Mitochondrial dysfunction in dopamine neurons : implications for Parkinson’s disease

Abstract

Mitochondria are essential for cellular homeostasis and contain the respiratory chain (RC). Decreased mitochondrial function is associated with ageing, as exemplified by the finding of a mosaic pattern of RC-deficient cells in aged tissues. Parkinson’s disease (PD) is a common age-related disorder characterized by loss of midbrain dopamine (DA) neurons and formation of intracellular inclusions. A number of observations suggest a role for mitochondrial dysfunction in the pathophysiology of PD: (1) toxins linked to PD have been shown to impair RC function, (2) reduced RC enzyme activities are found in patient tissues, (3) the proportion of DA neurons that are RC-deficient, due to accumulation of mtDNA deletions, is higher in PD patients than in controls, and (4) an inherited form of PD is caused by loss-of-function mutations in the gene for Parkin, an E3 ubiquitin ligase reported to facilitate clearance of defective mitochondria.

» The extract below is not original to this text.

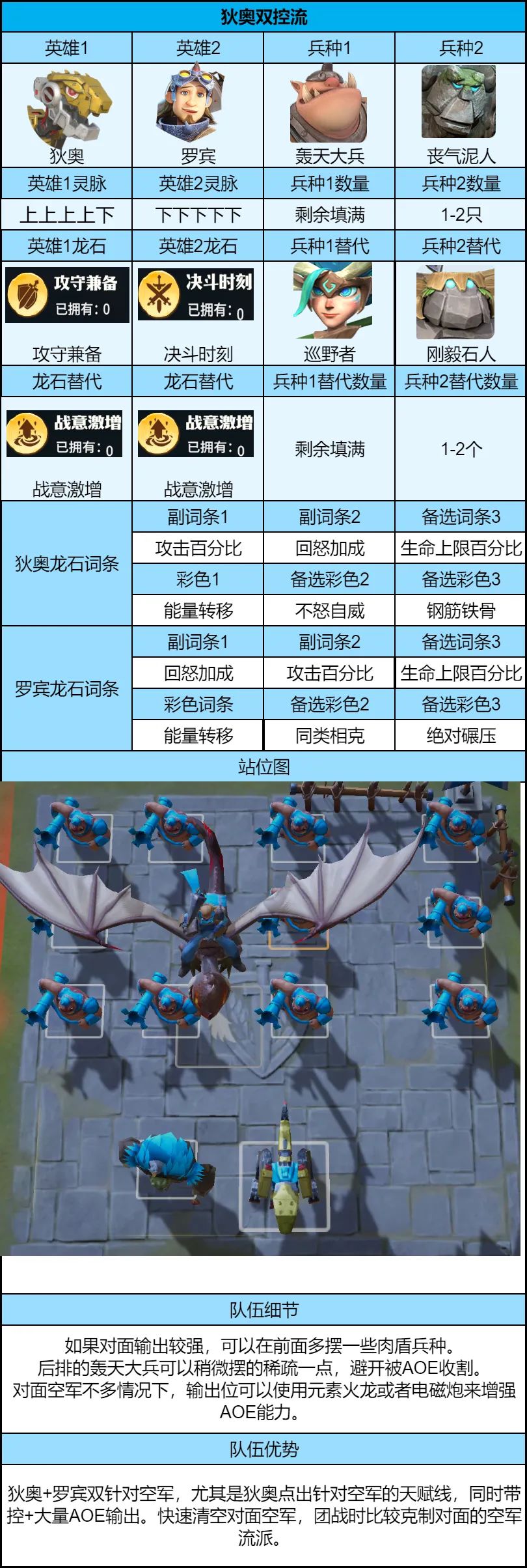 2、依然是需要空地混搭,面对敌方空军较多时,可以更多使用轰天大兵之类的对空组合。狄奥的加入也能更好针对空军

In this thesis, experimental genetics in mice have been used to study consequences of mitochondrial dysfunction in the brain, with particular focus on DA neurons. First, we addressed the role of mosaic RC deficiency in the brain by creating chimeric mice with a mixture of normal and RC-deficient forebrain neurons. A low proportion (>20%) of respiratory chain-deficient forebrain neurons was sufficient to cause symptoms. On the one hand, surrounding normal neurons could prevent mortality and delay the onset of symptoms. On the other hand, RC-deficient neurons could induce death of surrounding normal neurons by a trans-neuronal degeneration mechanism.

We also developed so-called ‘MitoPark’ mice, which have DA-specific disruption of Tfam, a gene critical for maintenance and expression of mtDNA. MitoPark mice have severe RC deficiency in DA neurons and develop slow, progressive loss of DA neurons accompanied by motor symptoms resembling those seen in PD. To study changes in mitochondrial morphology and distribution, we developed a novel reporter mouse for cell type-specific labeling of mitochondria. We found that mitochondria in RC-deficient neurons fragmented and concomitantly formed severely enlarged mitochondrial bodies in the soma and proximal dendrites. Mitochondria in distal axon segments had normal morphology, but the RC-deficient neurons had an impaired anterograde supply of new mitochondria to their axon terminals. We did not find support for a role of Parkin in MitoPark DA neurons, as overexpressed Parkin was not recruited to the aberrant mitochondria and the absence of Parkin did not affect their clearance.

Finally, we studied the consequences of a complex I defect in DA neurons. Disruption of the complex I subunit gene Ndufs4 resulted in a mild complex I deficiency, which did not cause degeneration of DA neurons or PD-like symptoms. Nevertheless, we found increased levels of DA metabolites and impaired DA release at the level of the axon terminals, compatible with early changes seen in PD. Ndufs4 knockout DA neurons were in addition more vulnerable to toxic insult. In summary, these results support a role for mitochondrial dysfunction in PD and show that RC function is important for axonal mitochondrial transport and synaptic DA release.